■ Data for the task
|---|
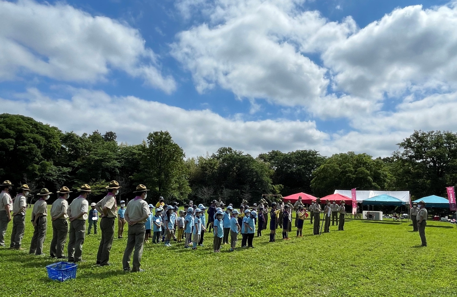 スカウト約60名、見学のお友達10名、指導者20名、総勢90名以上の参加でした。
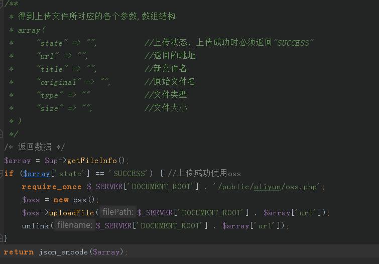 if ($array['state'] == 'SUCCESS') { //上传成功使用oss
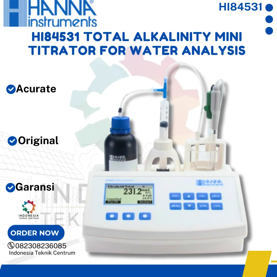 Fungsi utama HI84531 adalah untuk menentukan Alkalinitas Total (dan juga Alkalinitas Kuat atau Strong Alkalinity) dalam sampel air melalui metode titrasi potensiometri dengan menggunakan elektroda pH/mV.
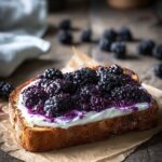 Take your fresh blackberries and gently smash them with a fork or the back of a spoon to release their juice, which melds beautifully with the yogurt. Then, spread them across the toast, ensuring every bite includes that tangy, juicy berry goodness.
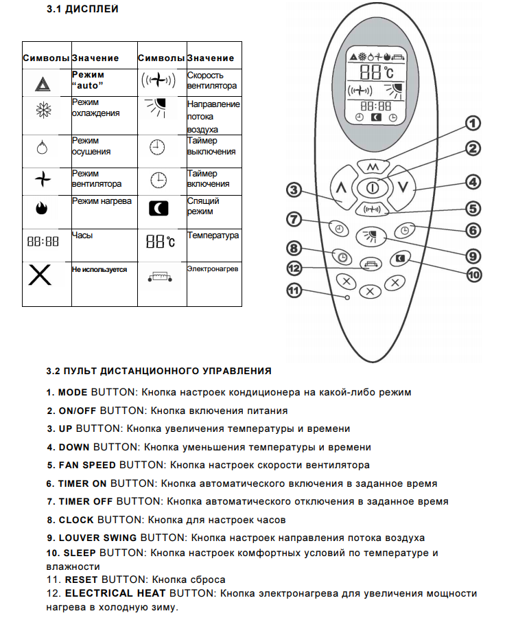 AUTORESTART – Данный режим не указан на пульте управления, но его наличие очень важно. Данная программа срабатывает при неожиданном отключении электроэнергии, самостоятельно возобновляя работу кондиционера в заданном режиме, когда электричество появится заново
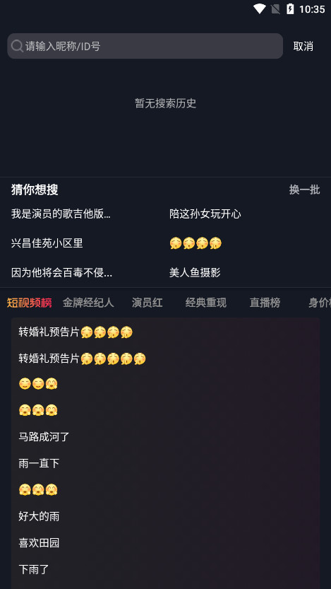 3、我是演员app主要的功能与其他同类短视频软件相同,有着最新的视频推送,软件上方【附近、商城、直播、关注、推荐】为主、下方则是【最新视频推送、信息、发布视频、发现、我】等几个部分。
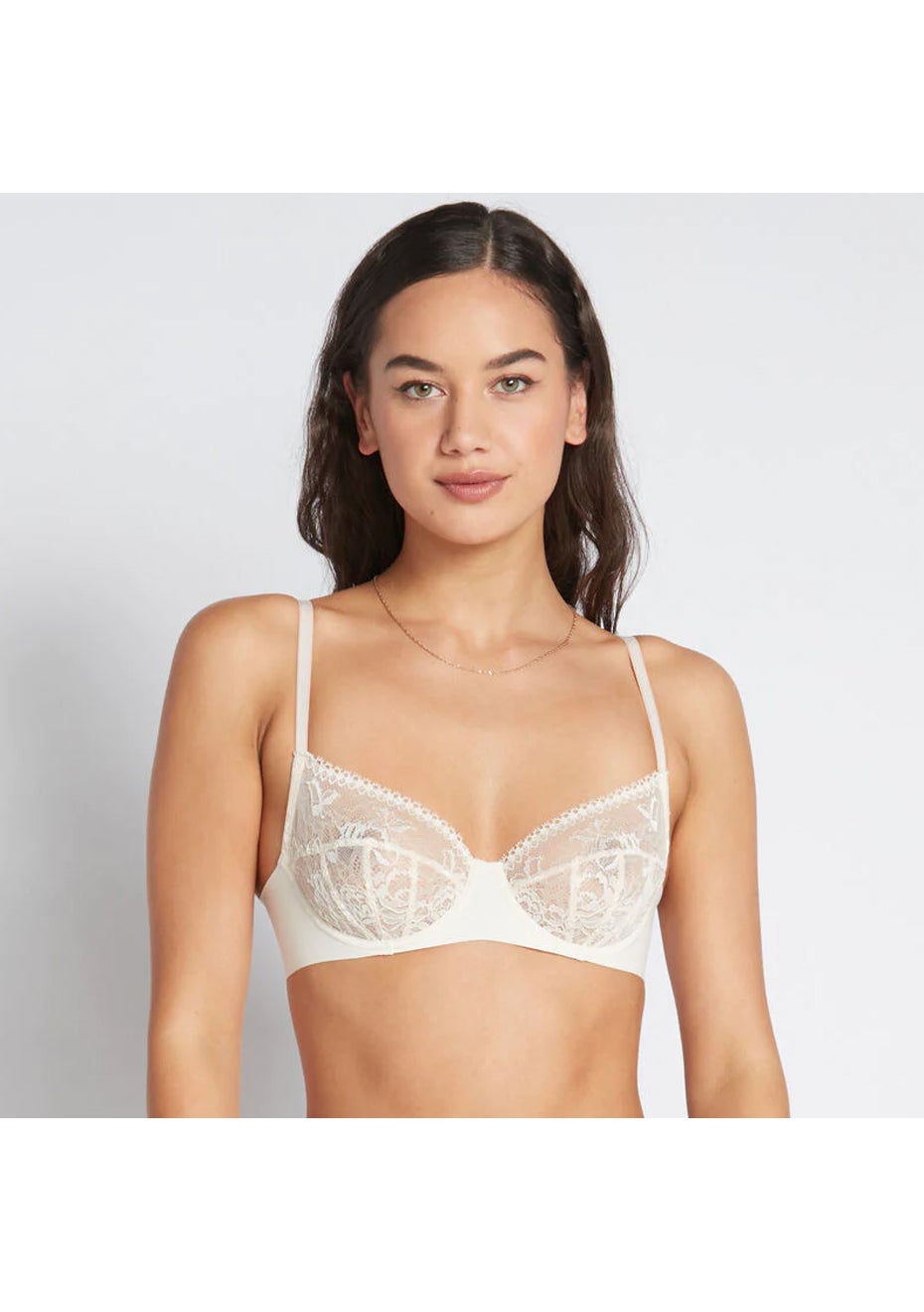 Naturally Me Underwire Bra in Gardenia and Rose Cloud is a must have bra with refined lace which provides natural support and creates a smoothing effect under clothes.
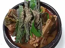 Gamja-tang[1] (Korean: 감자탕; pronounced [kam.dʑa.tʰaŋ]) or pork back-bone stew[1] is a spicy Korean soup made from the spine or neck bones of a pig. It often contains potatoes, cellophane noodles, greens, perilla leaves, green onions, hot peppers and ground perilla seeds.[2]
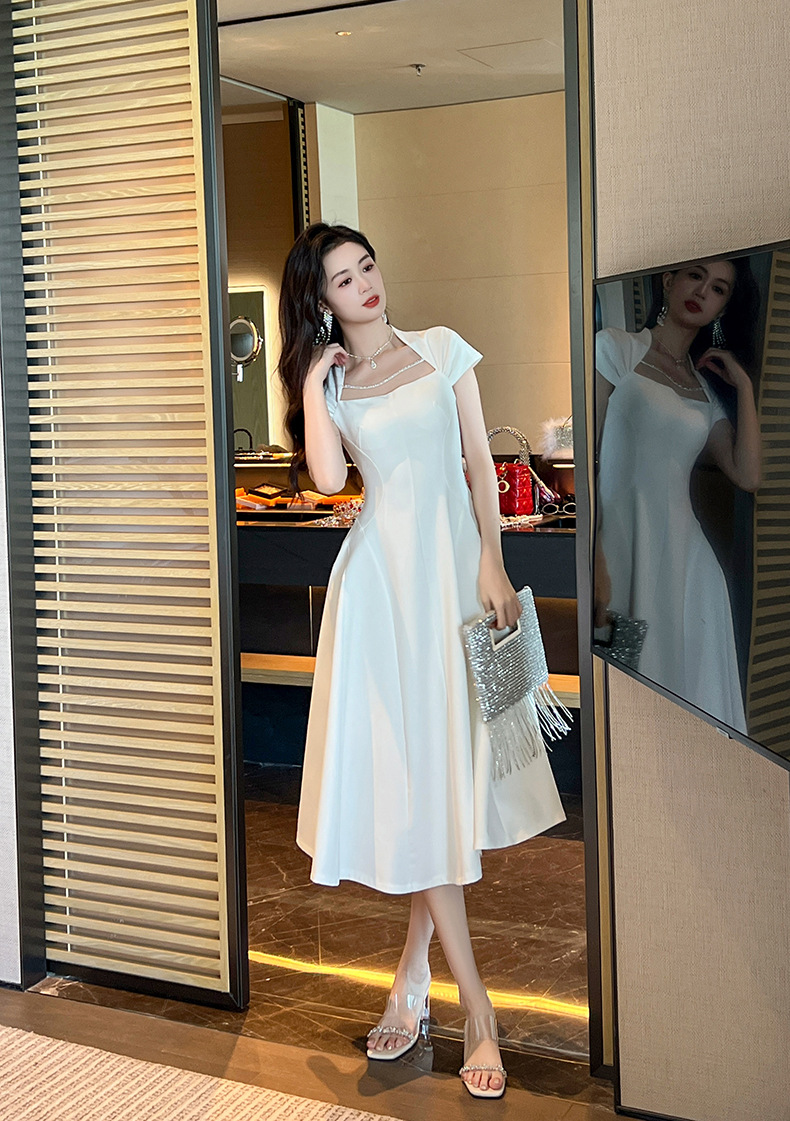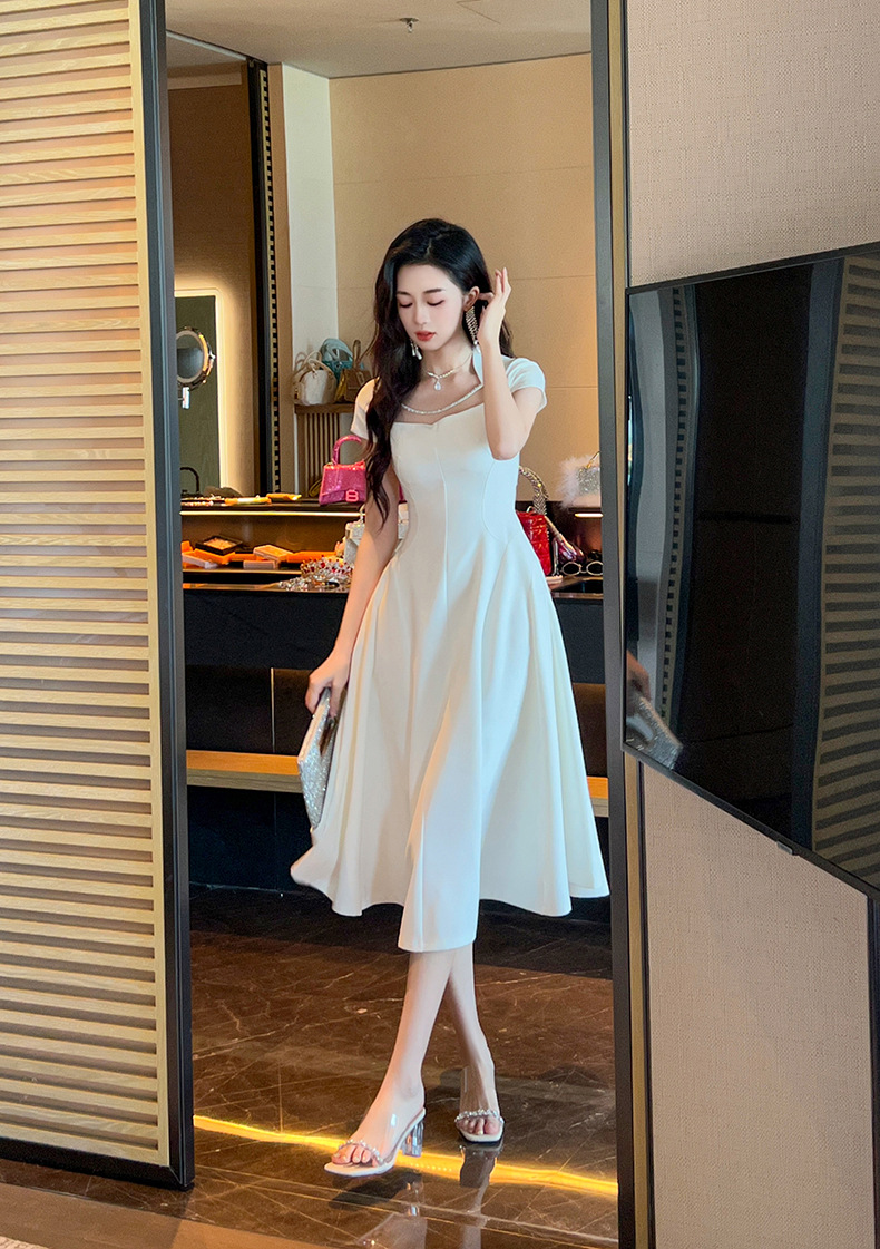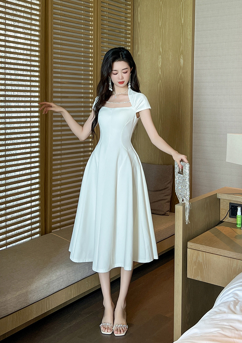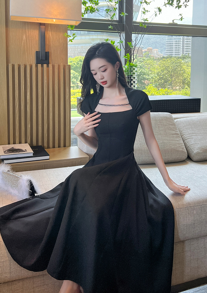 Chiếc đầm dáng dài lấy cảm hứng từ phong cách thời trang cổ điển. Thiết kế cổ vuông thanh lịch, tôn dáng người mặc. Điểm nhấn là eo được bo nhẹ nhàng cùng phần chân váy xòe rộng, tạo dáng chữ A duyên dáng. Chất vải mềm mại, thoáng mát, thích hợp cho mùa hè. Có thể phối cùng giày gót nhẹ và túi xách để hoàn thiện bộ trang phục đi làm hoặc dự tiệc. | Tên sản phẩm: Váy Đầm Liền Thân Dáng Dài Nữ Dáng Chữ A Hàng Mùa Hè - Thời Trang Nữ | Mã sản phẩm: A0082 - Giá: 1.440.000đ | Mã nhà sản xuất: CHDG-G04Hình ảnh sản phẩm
|---|
■ Task description
Everything from the line containing "3、我是演员app主要的功能" through the last line of the records above is to be reproduced exactly, except the pictures.

■ Worked solution
 3、我是演员app主要的功能与其他同类短视频软件相同,有着最新的视频推送,软件上方【附近、商城、直播、关注、推荐】为主、下方则是【最新视频推送、信息、发布视频、发现、我】等几个部分。
 Naturally Me Underwire Bra in Gardenia and Rose Cloud is a must have bra with refined lace which provides natural support and creates a smoothing effect under clothes.
 Gamja-tang[1] (Korean: 감자탕; pronounced [kam.dʑa.tʰaŋ]) or pork back-bone stew[1] is a spicy Korean soup made from the spine or neck bones of a pig. It often contains potatoes, cellophane noodles, greens, perilla leaves, green onions, hot peppers and ground perilla seeds.[2]
 Chiếc đầm dáng dài lấy cảm hứng từ phong cách thời trang cổ điển. Thiết kế cổ vuông thanh lịch, tôn dáng người mặc. Điểm nhấn là eo được bo nhẹ nhàng cùng phần chân váy xòe rộng, tạo dáng chữ A duyên dáng. Chất vải mềm mại, thoáng mát, thích hợp cho mùa hè. Có thể phối cùng giày gót nhẹ và túi xách để hoàn thiện bộ trang phục đi làm hoặc dự tiệc. | Tên sản phẩm: Váy Đầm Liền Thân Dáng Dài Nữ Dáng Chữ A Hàng Mùa Hè - Thời Trang Nữ | Mã sản phẩm: A0082 - Giá: 1.440.000đ | Mã nhà sản xuất: CHDG-G04Hình ảnh sản phẩm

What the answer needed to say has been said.